The asymmetric bispecific IgG antibody platform developed by DCB can enhance the half-life and the production yields. After conjugation with FnCTPs, the anti-CD3 BsAb only activates T-cells upon targeting to the cancer cells. The MNC loaded with Herceptin has demonstrated a longer blood half-life than Herceptin. Conjugation of MNC-Herceptin with FnCTP will further enhance the intra-tumoral Herceptin concentration, thereby achieving a greater anti-cancer efficacy at reduced Herceptin dosage, with less adverse effects.

Market Scope

The major focus of global biopharmaceutical industries is antibody drug. It is estimated that for 2016, six of the top 10 best sellers of global pharmaceuticals are antibody drugs. However, most antibody drugs can only target a particular cancer-associated antigen, which limits its application in cancer treatment. The FnCTP-BsAb developed by our team is a first in class product that can not only treat a broader-spectrum of cancers, but also eliminate cancer stem cells. Under patent protection, the characteristics of FnCTP-BsAb is superior to the current antibody drugs on the market, and will likely replace the traditional monoclonal antibodies in the markets of ovarian, gastric and lung cancer.

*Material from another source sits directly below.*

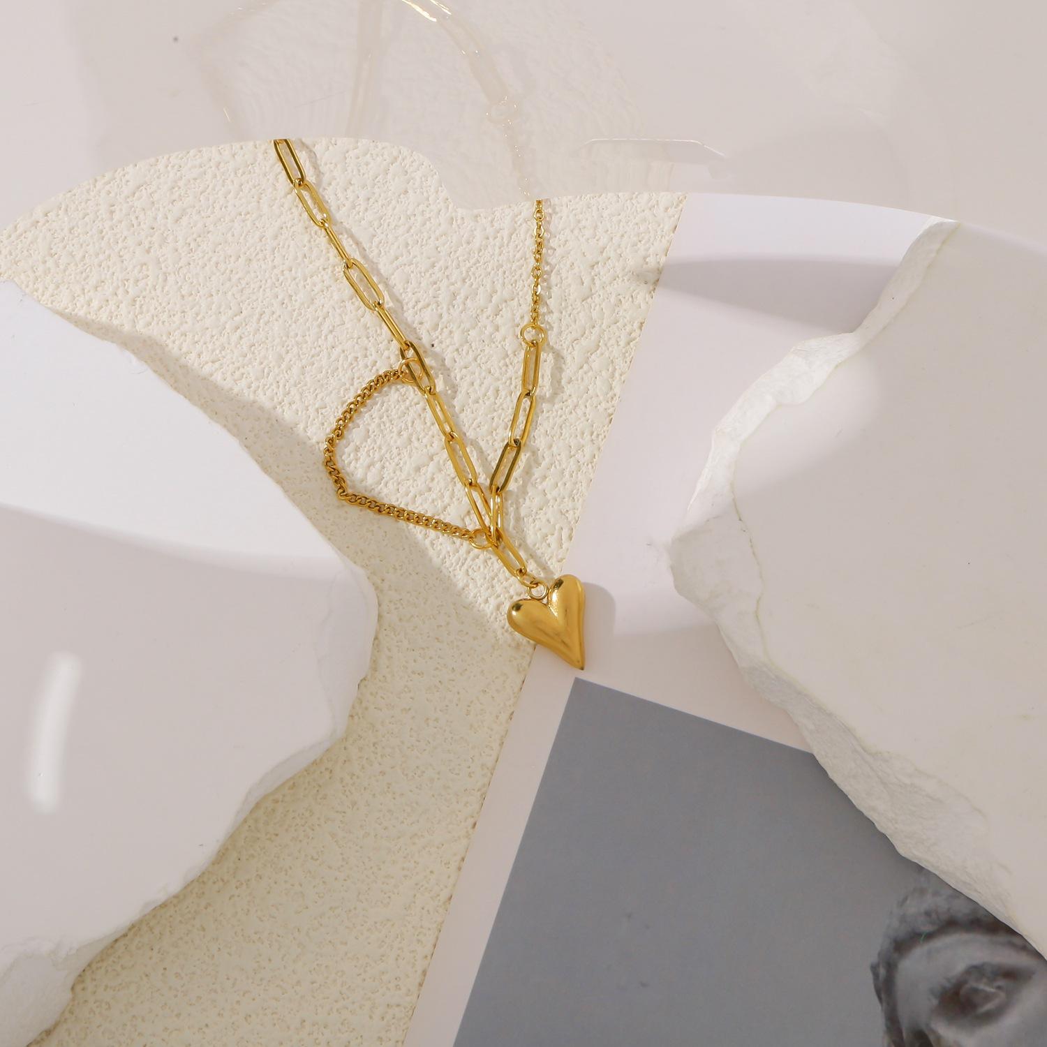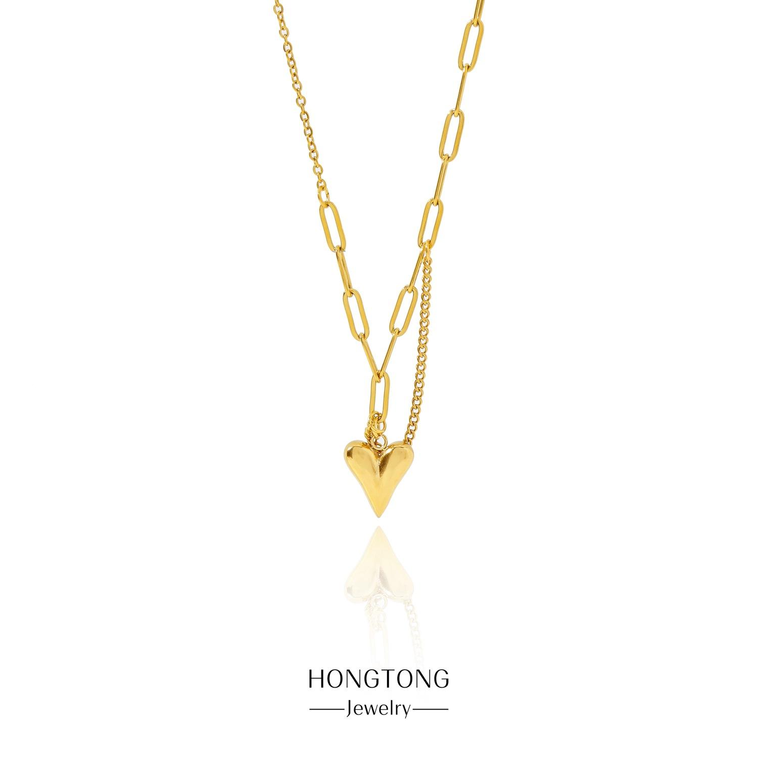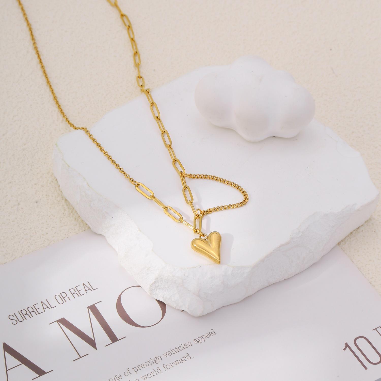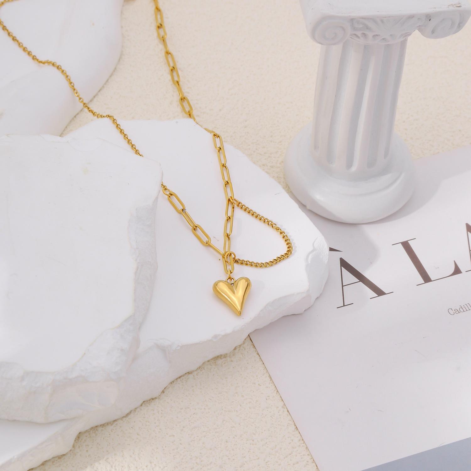 Tridimensional em forma de coração pingente de aço titânio O-cadeia de clavícula luz moda feminina de luxo all-match high-grade personalidade temperamento colar
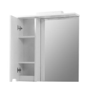 Дзеркало з шафкою серії АМЕЛІЯ шириною 65 см відмінне рішення для вашої ванної кімнати. Містка і функціональна шафка, яка розділена двома полицями з ламінованого ДСП, дає відмінну можливість зберігати невеликі за розміром речі (функціональних поличок – 3). Якісне дзеркальне полотно польського виробництва, наявність вбудованого підсвічування потужністю 3W, плавне відкриття/закриття фасаду виробу.

So far, ovarian cancer is not an approved indication for Herceptin. However, CTP-MNC-Herceptin will enhance delivery of Herceptin to tumors leading to greater inhibition of ovarian cancer with less adverse effect, suggesting its potential for market exclusivity. Its indication can be expanded to HER2+ gastric and breast cancer, which may exceed market share of Herceptin.